* _Problem statement_
Copy exactly the lines of the data below, beginning with the line with "Fun Memories 55" and ending with the line with "交易策略:0.95713下方看跌,目标0.95300、0.95089". Pictures are to be omitted.

* _The data_

----

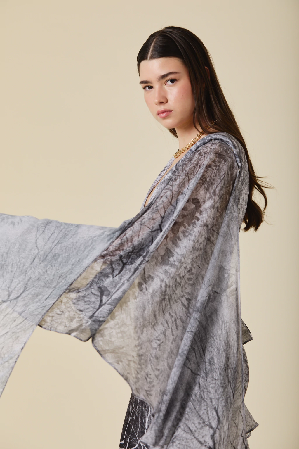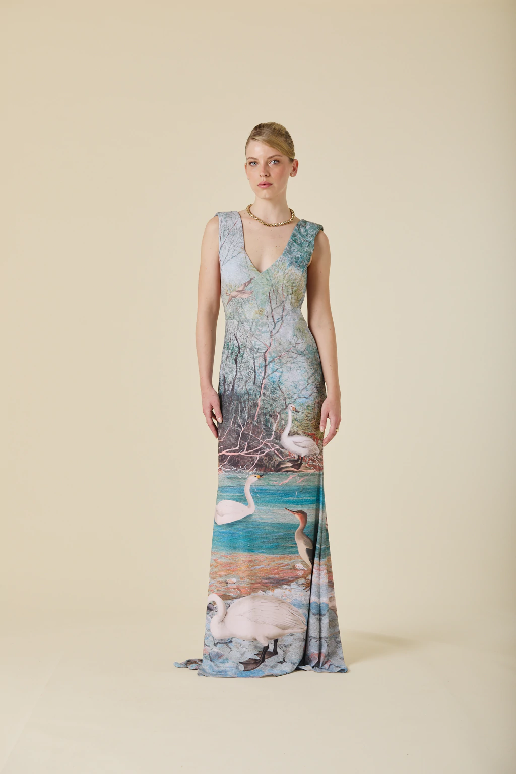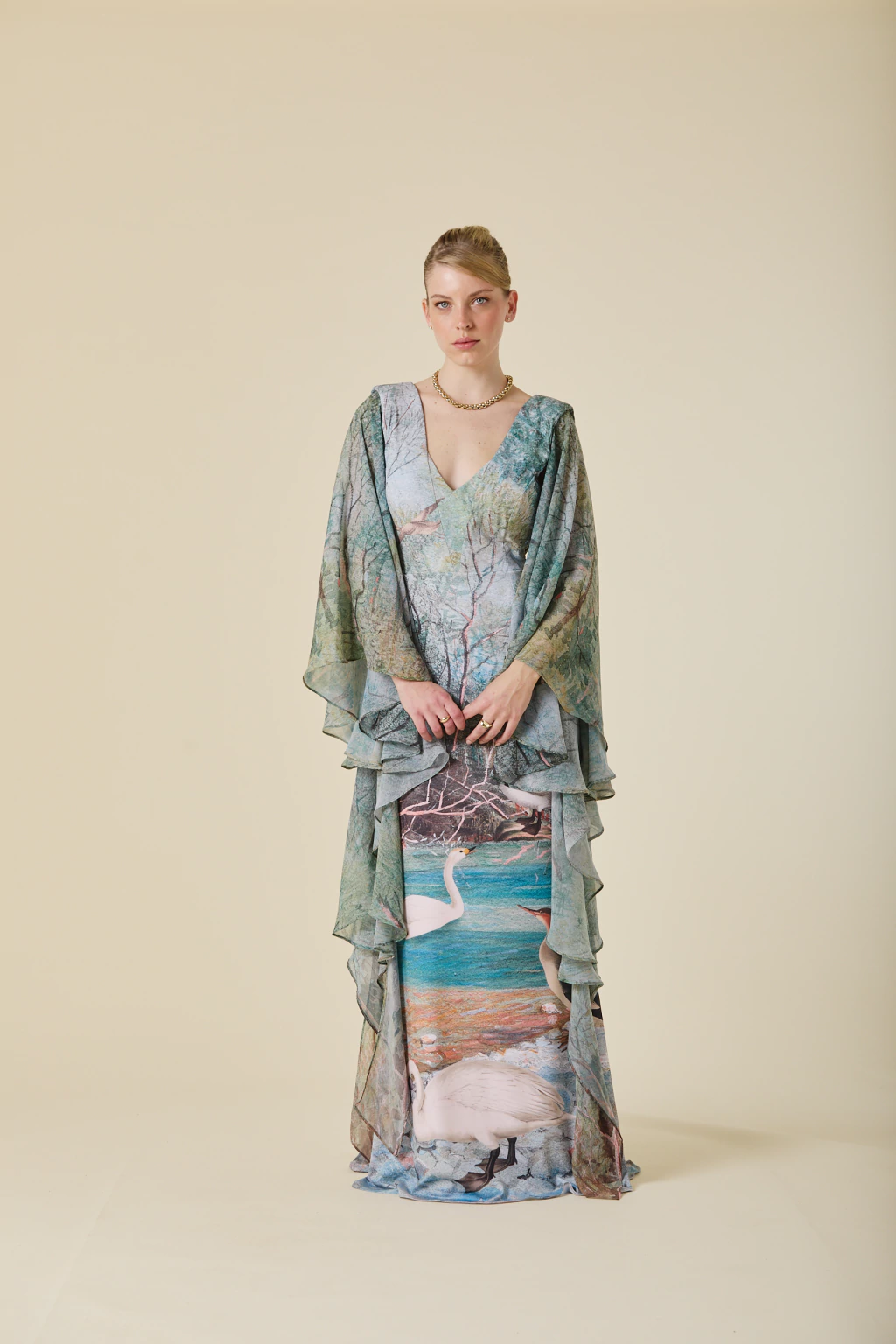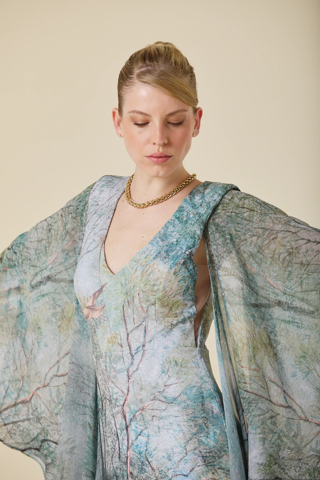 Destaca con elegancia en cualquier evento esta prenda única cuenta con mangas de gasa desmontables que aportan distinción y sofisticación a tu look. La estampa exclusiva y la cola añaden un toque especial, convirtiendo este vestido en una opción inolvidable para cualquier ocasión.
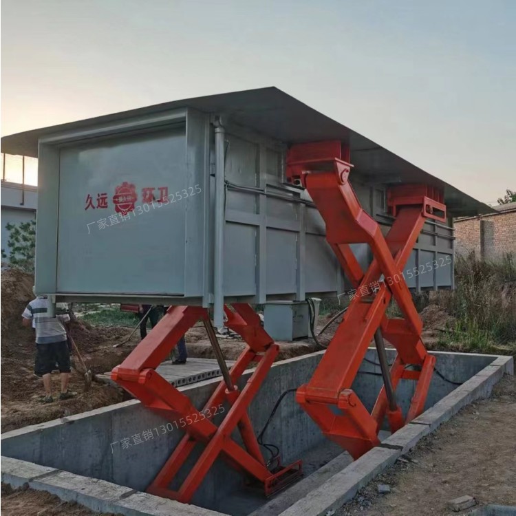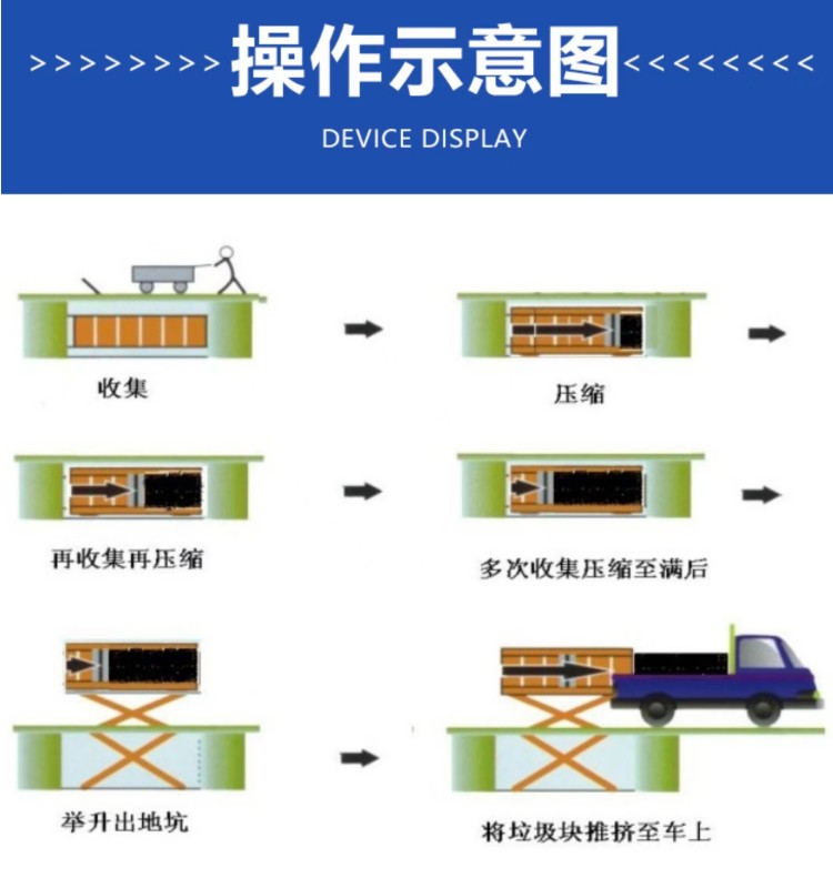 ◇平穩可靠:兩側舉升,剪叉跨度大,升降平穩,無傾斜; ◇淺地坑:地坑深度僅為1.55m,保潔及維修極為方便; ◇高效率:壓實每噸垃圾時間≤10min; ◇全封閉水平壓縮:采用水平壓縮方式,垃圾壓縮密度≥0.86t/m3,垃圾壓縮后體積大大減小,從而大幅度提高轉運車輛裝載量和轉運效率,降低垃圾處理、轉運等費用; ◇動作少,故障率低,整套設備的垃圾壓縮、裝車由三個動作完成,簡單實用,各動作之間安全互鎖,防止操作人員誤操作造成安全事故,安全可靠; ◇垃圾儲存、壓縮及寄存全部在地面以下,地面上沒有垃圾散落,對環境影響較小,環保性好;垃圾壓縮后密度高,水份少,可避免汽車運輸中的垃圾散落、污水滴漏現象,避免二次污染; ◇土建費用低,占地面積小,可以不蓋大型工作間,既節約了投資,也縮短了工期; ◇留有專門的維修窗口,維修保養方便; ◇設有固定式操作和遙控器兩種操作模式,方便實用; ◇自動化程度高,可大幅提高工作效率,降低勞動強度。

----

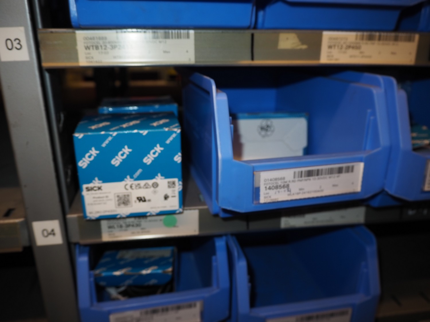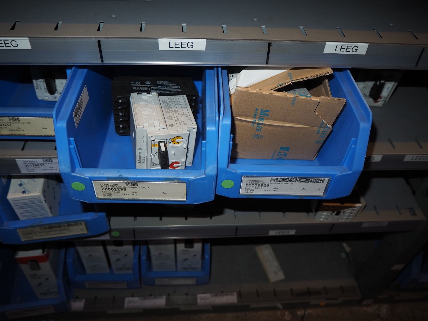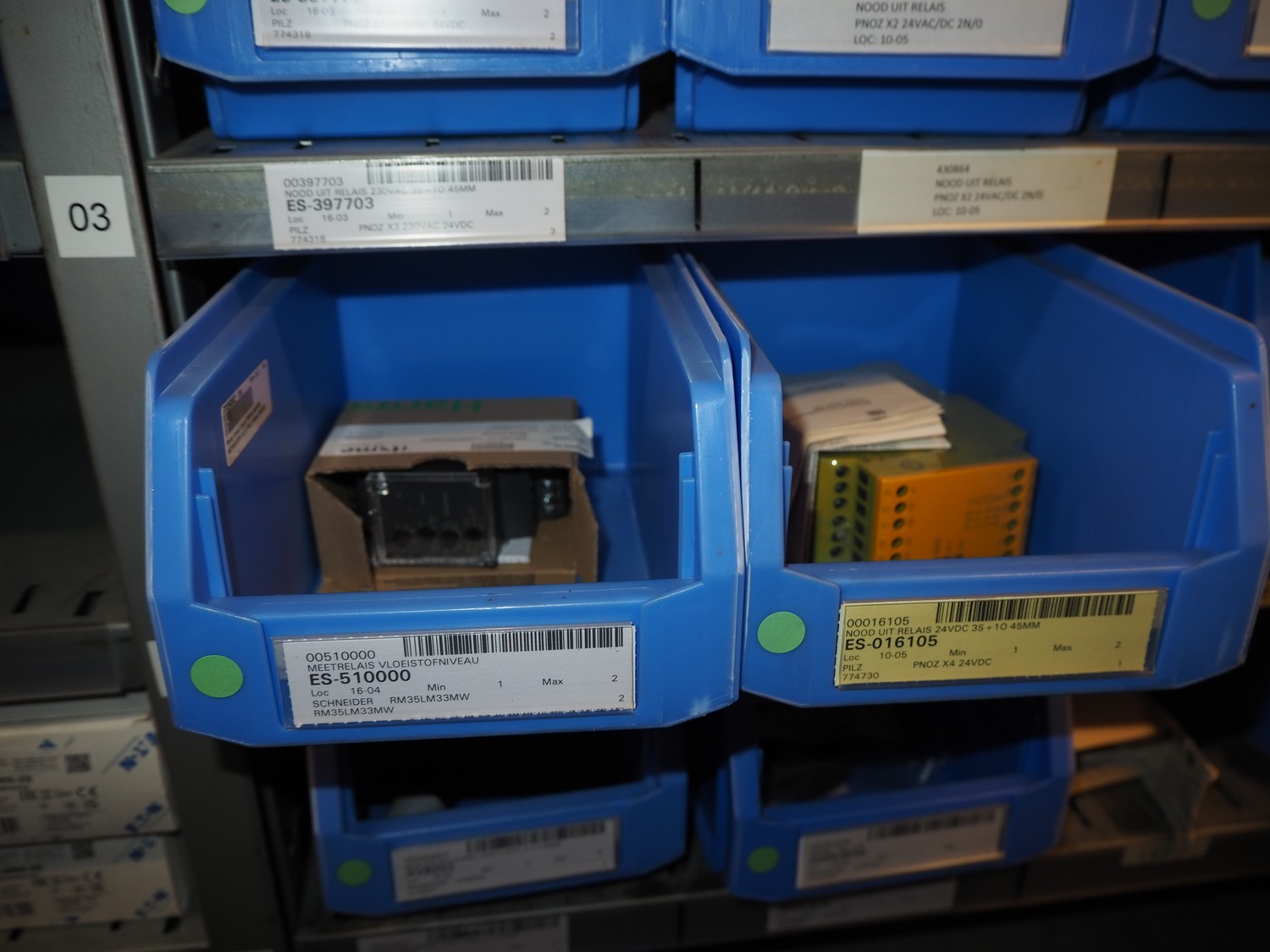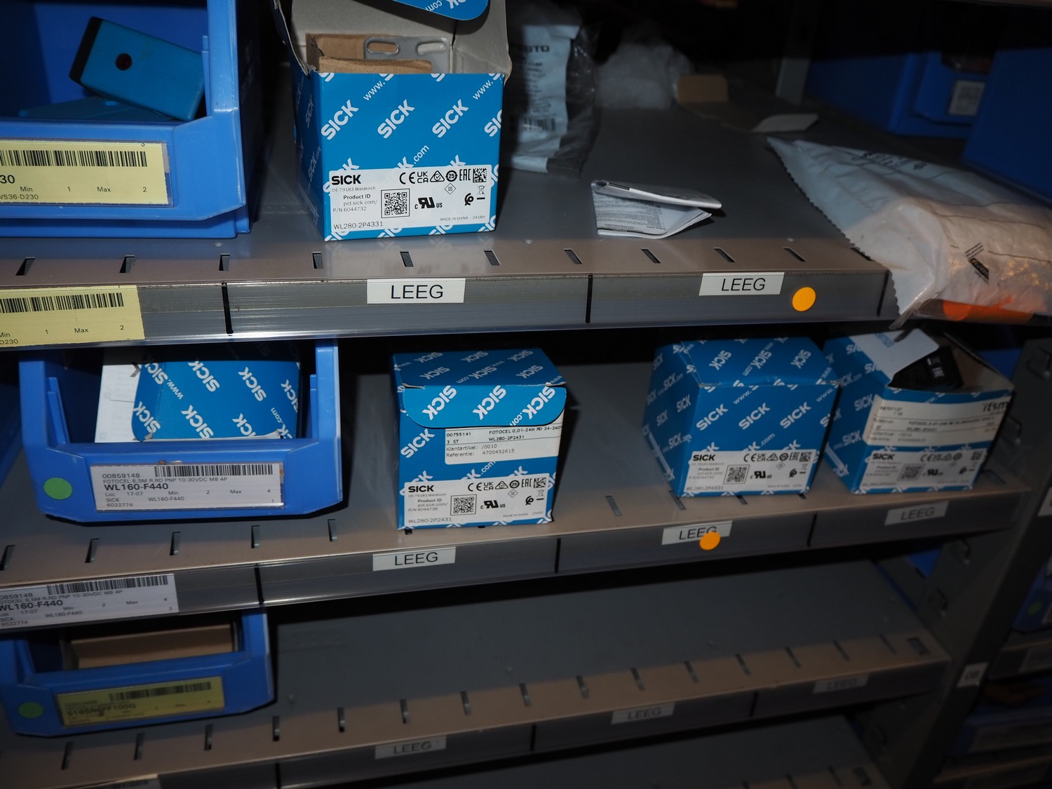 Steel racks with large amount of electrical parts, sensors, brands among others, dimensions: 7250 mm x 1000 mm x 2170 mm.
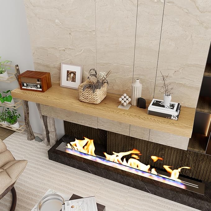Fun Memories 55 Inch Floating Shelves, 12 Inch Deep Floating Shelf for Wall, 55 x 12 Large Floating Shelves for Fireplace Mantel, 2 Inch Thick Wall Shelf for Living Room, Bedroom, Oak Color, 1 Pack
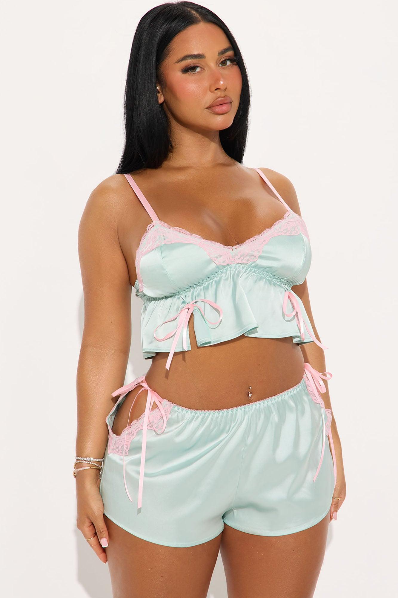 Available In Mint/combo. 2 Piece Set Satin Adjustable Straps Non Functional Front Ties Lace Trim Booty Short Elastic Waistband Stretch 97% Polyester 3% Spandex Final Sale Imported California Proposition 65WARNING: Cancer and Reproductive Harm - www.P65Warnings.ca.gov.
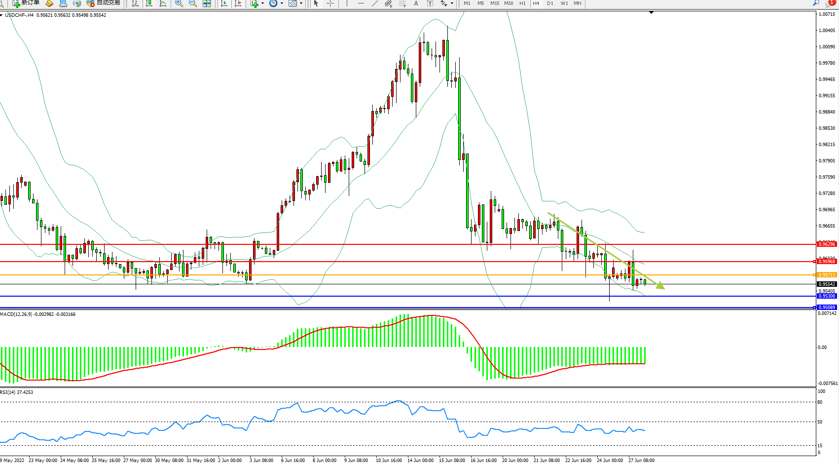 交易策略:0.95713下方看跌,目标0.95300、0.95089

----

* _Solution_
Fun Memories 55 Inch Floating Shelves, 12 Inch Deep Floating Shelf for Wall, 55 x 12 Large Floating Shelves for Fireplace Mantel, 2 Inch Thick Wall Shelf for Living Room, Bedroom, Oak Color, 1 Pack
 Available In Mint/combo. 2 Piece Set Satin Adjustable Straps Non Functional Front Ties Lace Trim Booty Short Elastic Waistband Stretch 97% Polyester 3% Spandex Final Sale Imported California Proposition 65WARNING: Cancer and Reproductive Harm - www.P65Warnings.ca.gov.
 交易策略:0.95713下方看跌,目标0.95300、0.95089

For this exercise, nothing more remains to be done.